Careful what you wish for

Abu Dhabi Ocean Racing's Rob Greenhalgh at the helm  
Nick Dana/Abu Dhabi Ocean Racing/Volvo Ocean Race 
For the last few days the fleet have been struggling to make gains along the South African coast.
The stop/start routine was becoming very familiar, with the sea breeze forming further offshore during the day and then the night breeze overriding it nearer the land. 
This split the fleet on the first night - leaving Abu Dhabi Ocean Racing stuck in a windless hole while the others sailed away. 
Lack of wind
Luckily for the trailing fleet, the frontrunners didn’t find the going that easy. Without the low pressure to form a solid wind system, all the boats suffered both with lack of wind and the adverse Agulhas current. 

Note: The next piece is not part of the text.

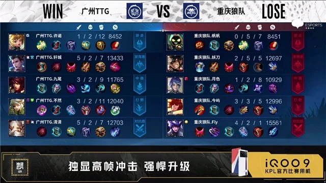 第一局开局重庆狼队入侵敌方野区,50秒双方野区团打出1换1。2分15秒广州TTG对抗路击杀澜。2分37秒重庆狼队拿下先知主宰。2分51秒广州TTG拿下暴君。3分35秒重庆狼队发育路击杀干将莫邪。5分08秒重庆狼队摧毁敌方发育路外塔。5分10秒对抗路团重庆狼队打出1换2。6分06秒中路下河道团双方1换1。7分09秒广州TTG拿下主宰,随后摧毁敌方对抗路外塔。7分57秒重庆狼队拿下暴君,中路团双方1换1。9分15秒中路团重庆狼队打出1换2。11分42秒重庆狼队拿下暗影暴君,团战重庆狼队打出1换3。13分15秒重庆狼队野区击杀马可波罗,随后拿下暗影主宰。13分52秒重庆狼队先后摧毁敌方中路、对抗路二塔。15分39秒广州TTG中路击杀猪八戒。15分52秒重庆狼队拿下暗影暴君。16分45秒重庆狼队摧毁敌方发育路二塔。17分19秒重庆狼队中路击杀东皇太一。17分56秒重庆狼队摧毁敌方对抗路高地塔。18分44秒重庆狼队摧毁敌方中路高地塔。19分44秒重庆狼队高地处击杀干将莫邪。20分钟高地团广州TTG打出2换3。22分钟中路团广州TTG打出1换2。23分20秒野区团广州TTG打出2换4。24分12秒广州TTG拿下风暴龙王。26分15秒野区团广州TTG打出0换2。27分04秒广州TTG先后摧毁敌方中路、发育路高地塔。28分25秒中路上河道团广州TTG打出0换2。28分52秒广州TTG拿下风暴龙王。30分21秒广州TTG摧毁敌方水晶拿下比赛。

Reading the team blogs and news that filter out from the crews, they were all wishing for more wind. 
Well finally last night they got what they wished for. Winds up to 28 knots blowing against the current resulted in 4.5-metre (14.8-ft) waves.
Sickening crash
Travelling at over 20 knots, the boats have taking off over these waves, often landing with a sickening crash. 
Darkness did not make the situation any easier for the crews.
Puma caught a fishing net round the keel. They did well to work back to second place this morning, 20 nautical miles behind new leader Ian Walker’s Abu Dhabi Ocean Racing.
Tense night
Abu Dhabi’s more northerly route close to the coast - avoiding the worst of the current for now - had paid dividends, but the night had been a tense one, Walker said.
“After making big gains on the fleet by hugging the coast we have been running hard all night in 20–30 knots with our big spinnaker,” he reported.
“Starboard tack was almost unsailable due to the head seas but port tack was fine – the only problem was we kept coming up against the land and having to gybe on to starboard!
Dangerous waters
“We made it through without breakages by slowing down and nursing the boat – we are now threading our way north-east between the land and the Agulhas current which we must soon cross.
“These are infamously dangerous waters and nobody really knows how bad the next 24 hours may or not be as anybody with any sense stays well clear of here.”